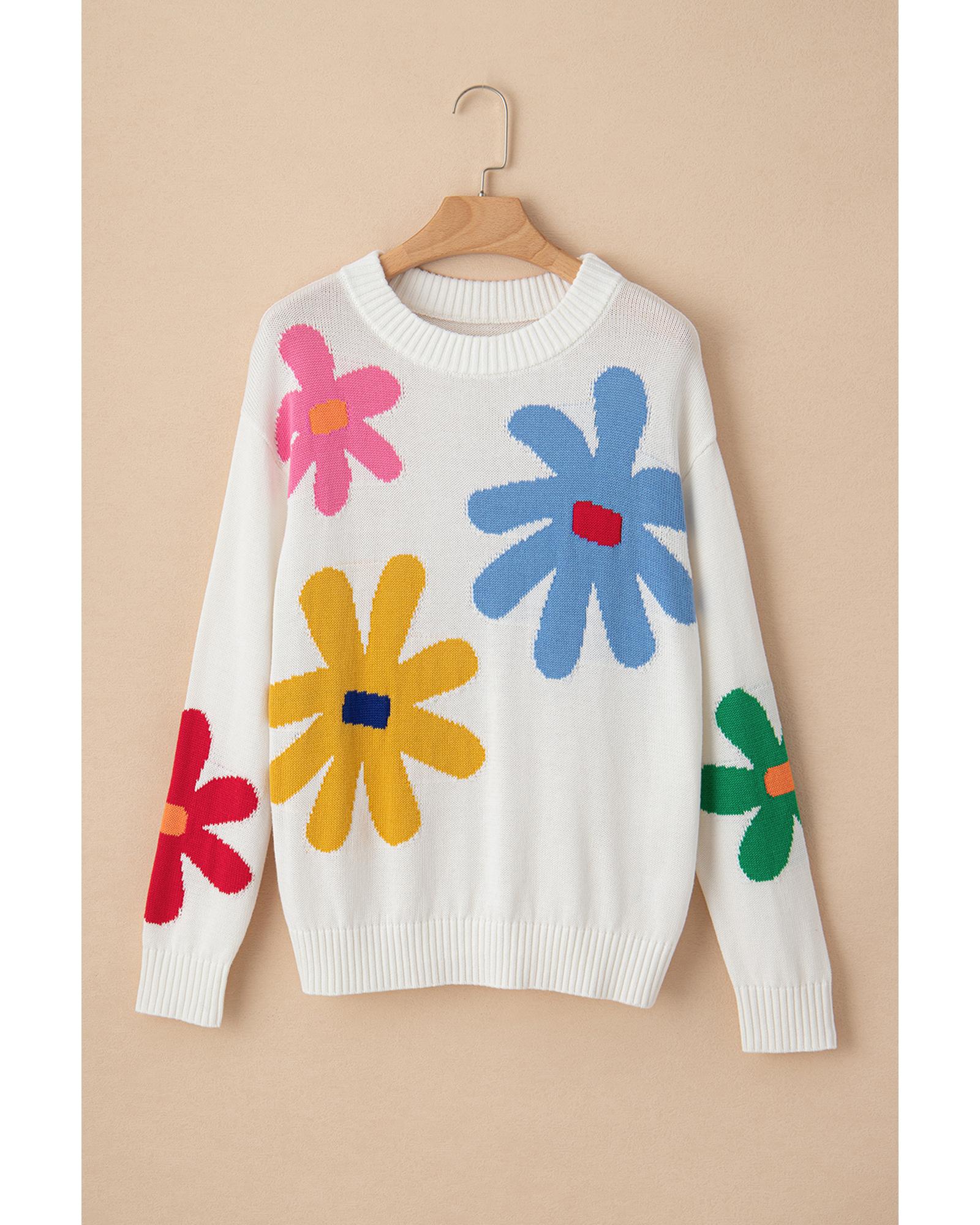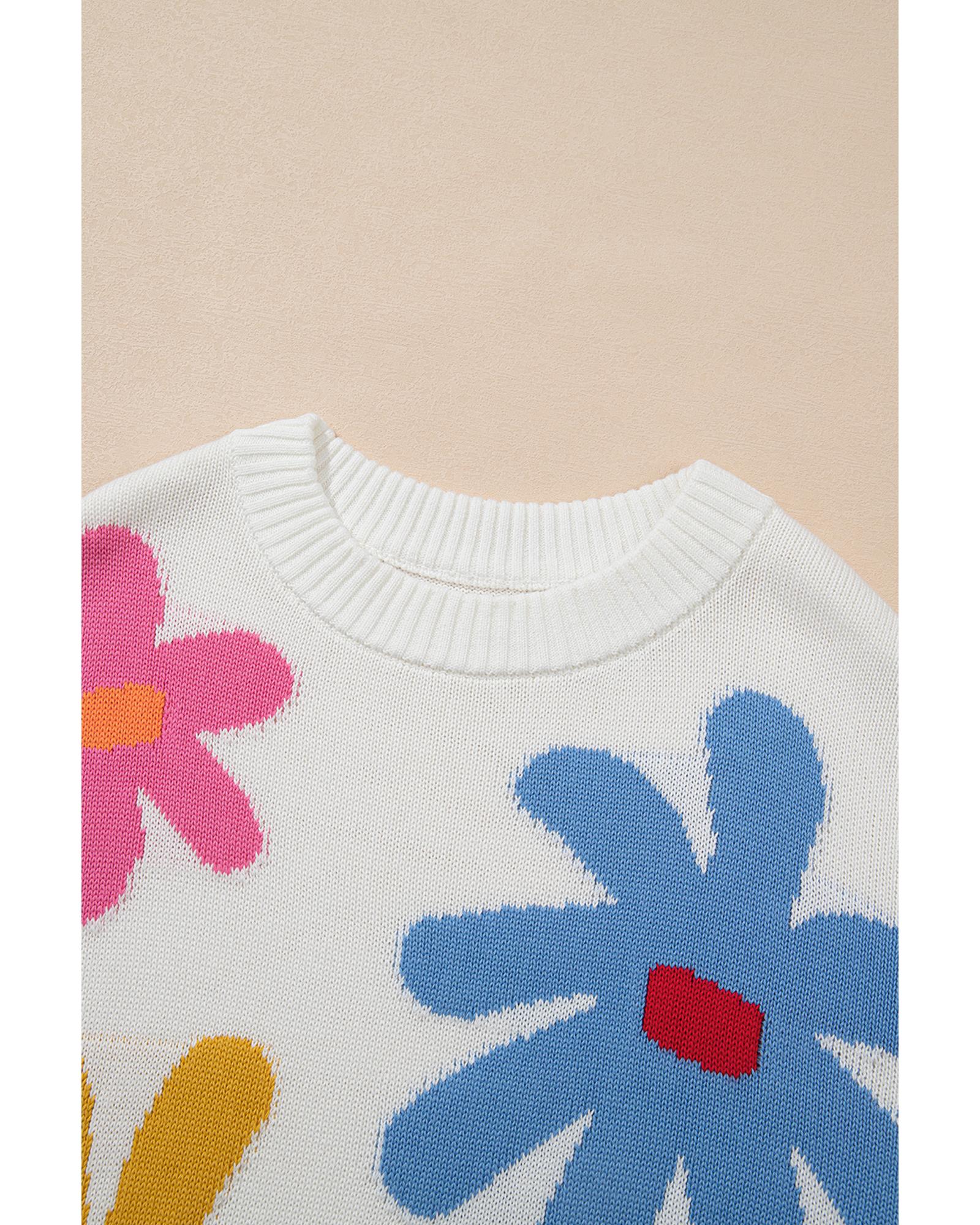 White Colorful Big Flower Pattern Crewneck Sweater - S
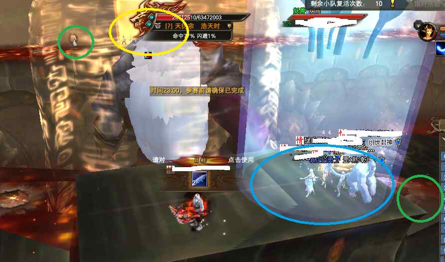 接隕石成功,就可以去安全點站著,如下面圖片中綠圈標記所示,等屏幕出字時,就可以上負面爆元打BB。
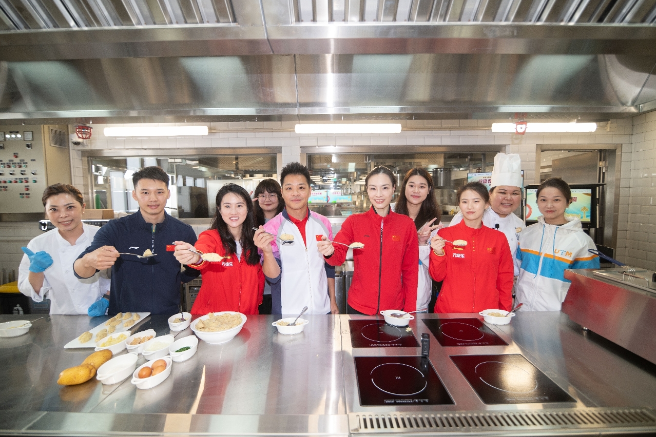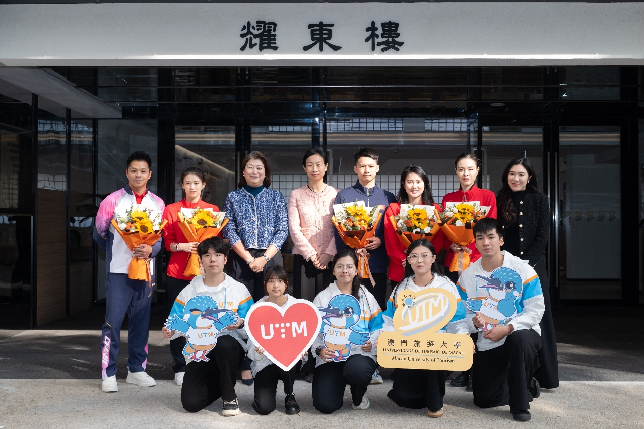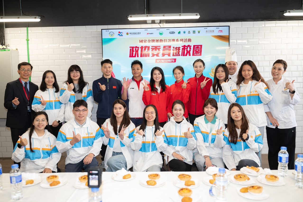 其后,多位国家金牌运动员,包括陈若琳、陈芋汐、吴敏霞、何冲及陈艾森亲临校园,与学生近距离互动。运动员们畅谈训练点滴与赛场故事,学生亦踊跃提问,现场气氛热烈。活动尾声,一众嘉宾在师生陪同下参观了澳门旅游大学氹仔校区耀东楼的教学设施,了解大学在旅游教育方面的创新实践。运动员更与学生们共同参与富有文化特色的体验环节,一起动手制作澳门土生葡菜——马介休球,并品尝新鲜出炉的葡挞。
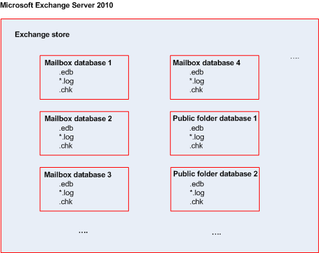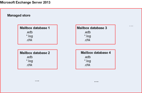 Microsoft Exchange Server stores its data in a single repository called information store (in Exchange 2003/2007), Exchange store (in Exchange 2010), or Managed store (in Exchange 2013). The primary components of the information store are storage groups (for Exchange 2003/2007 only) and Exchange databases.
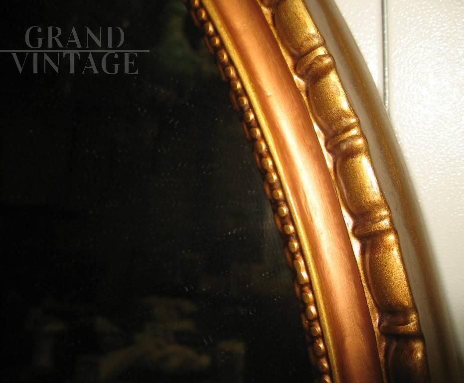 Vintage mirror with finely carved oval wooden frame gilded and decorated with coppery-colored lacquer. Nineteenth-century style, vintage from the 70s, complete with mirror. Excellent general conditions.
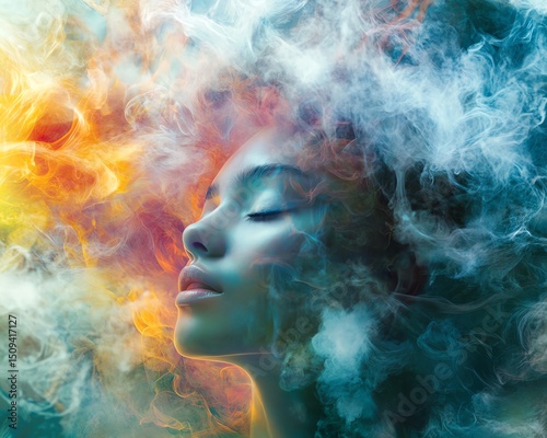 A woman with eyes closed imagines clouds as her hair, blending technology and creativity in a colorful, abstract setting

──────────────────────────────

Give the lines above again exactly, from the one containing "其后,多位国家金牌运动员,包" to the one containing "Vintage mirror with", both included, but leave out the pictures.

 其后,多位国家金牌运动员,包括陈若琳、陈芋汐、吴敏霞、何冲及陈艾森亲临校园,与学生近距离互动。运动员们畅谈训练点滴与赛场故事,学生亦踊跃提问,现场气氛热烈。活动尾声,一众嘉宾在师生陪同下参观了澳门旅游大学氹仔校区耀东楼的教学设施,了解大学在旅游教育方面的创新实践。运动员更与学生们共同参与富有文化特色的体验环节,一起动手制作澳门土生葡菜——马介休球,并品尝新鲜出炉的葡挞。
 Microsoft Exchange Server stores its data in a single repository called information store (in Exchange 2003/2007), Exchange store (in Exchange 2010), or Managed store (in Exchange 2013). The primary components of the information store are storage groups (for Exchange 2003/2007 only) and Exchange databases.
 Vintage mirror with finely carved oval wooden frame gilded and decorated with coppery-colored lacquer. Nineteenth-century style, vintage from the 70s, complete with mirror. Excellent general conditions.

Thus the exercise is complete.